What is a Casino?

A casino (also called a gambling house or kasino) is an establishment that offers various types of gambling. Most casinos are combined with hotels, resorts or restaurants and some offer live entertainment. Some are also known for hosting special events like stand-up comedy shows or concerts. Casinos are often located in or near cities and are a popular destination for tourists.

When most people think of a casino, they envision the flashy glitz and decadence that typifies Las Vegas. But these behemoths of opulence aren’t just about the games: they’re designed to make you spend more, and crave coming back—even if you lose a lot of money. It’s a science, and casinos have studied and perfected the tricks that encourage us to gamble the night away.
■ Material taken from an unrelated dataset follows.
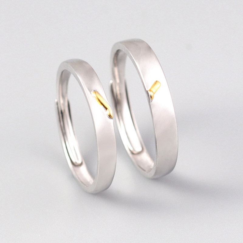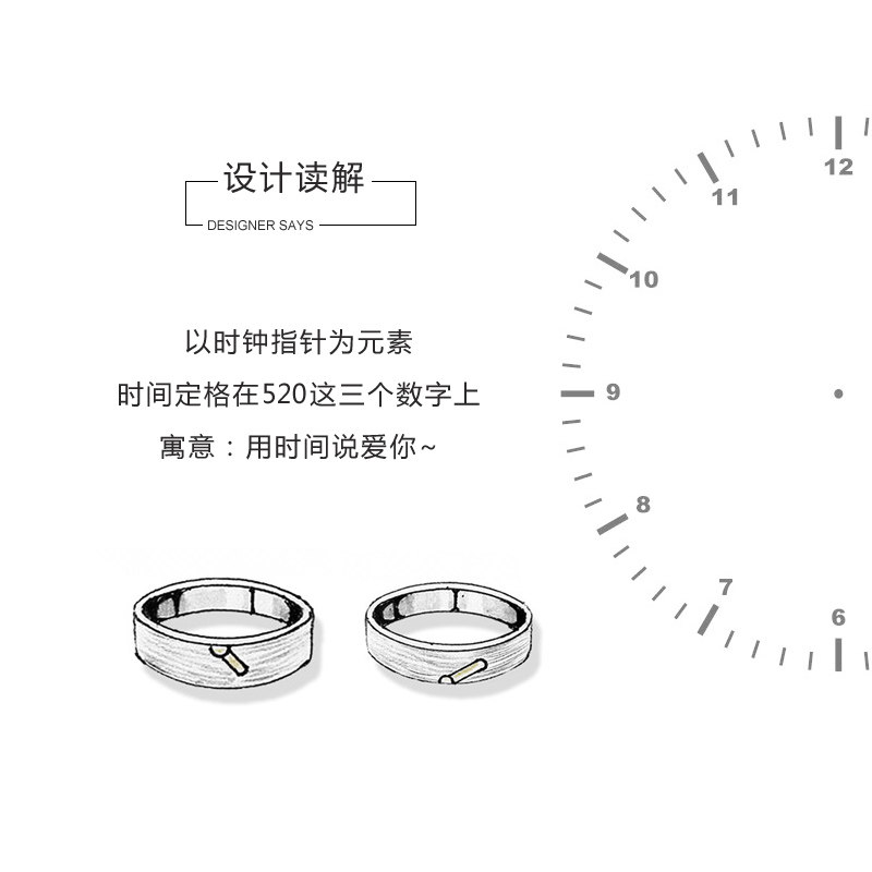 925纯银520情侣表白戒指女男小众时钟指针学生党一对暗恋刻字对戒
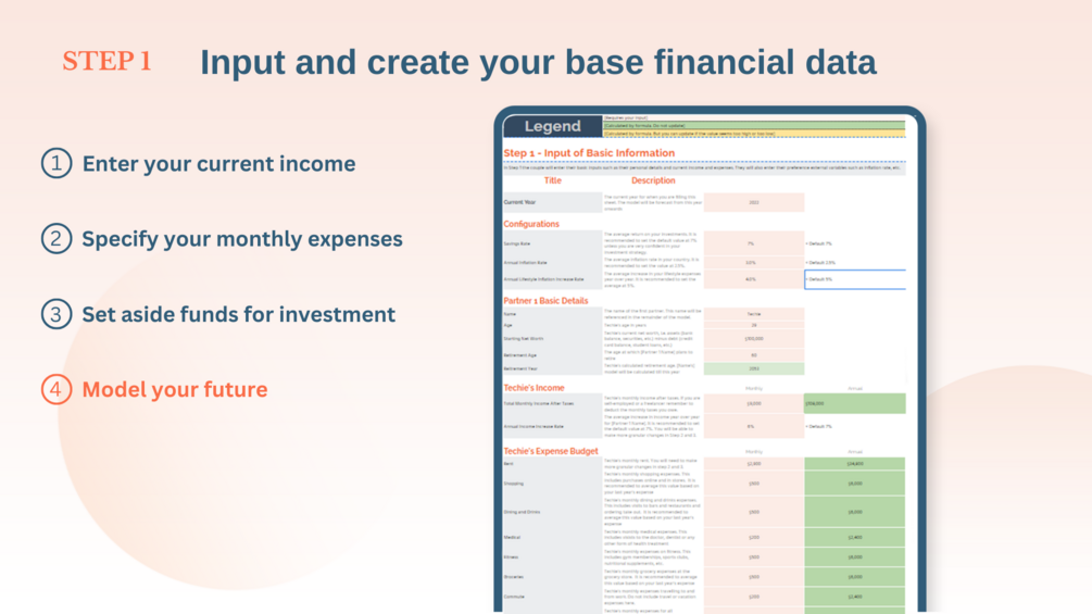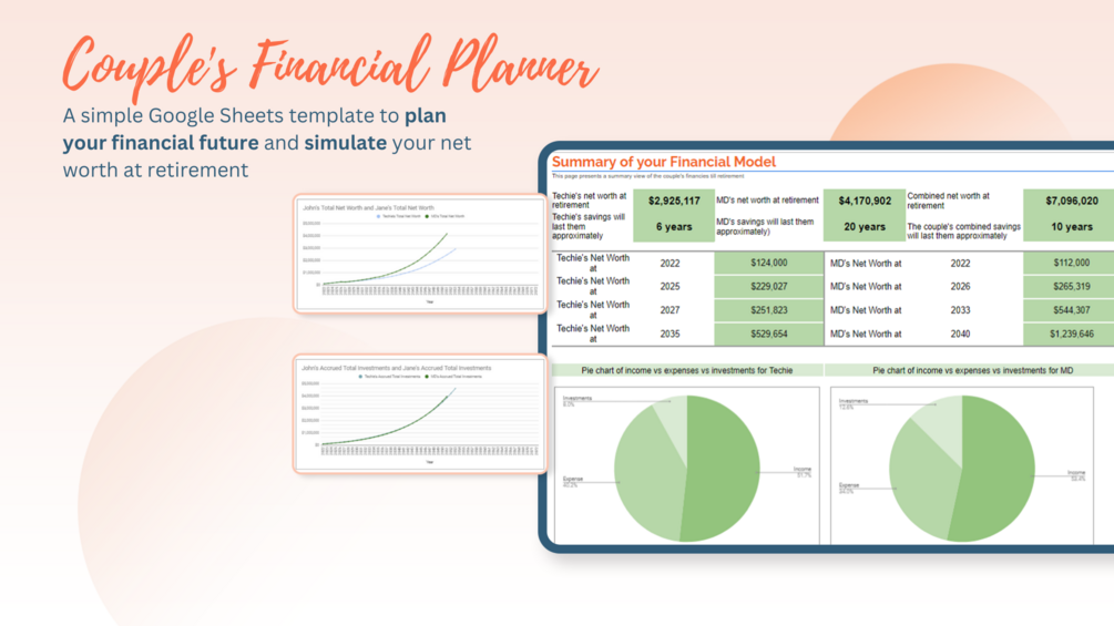 A simple and organized Google Sheets template that lets any couple input their current earning and spending budgets and forecast their future earning potential and net worth. This sheet will take you through a step-by-step process of planning important future decisions such as having kids or buying a house or taking a break to travel the world!

From a maze of slot machines to a scented air that’s engineered to keep you feeling happy, these casinos use psychology to manipulate you into gambling your hard-earned dollars. One casino designer, Roger Thomas, created his own version of the classic casino, focusing less on slot machines and more on creating intimate spaces with beautiful decor to help people feel at home. This style, dubbed playground design, encourages people to stay longer and return—even if they’re losing money.

Casinos are becoming more and more palatial, with their five-star hotel rooms, Michelin star restaurants, and top-billed entertainment shows. Some even host sports betting, which has prompted some states to reconsider their anti-gambling laws. With all this extravagance, it’s no surprise that casinos are some of the largest buildings in the world.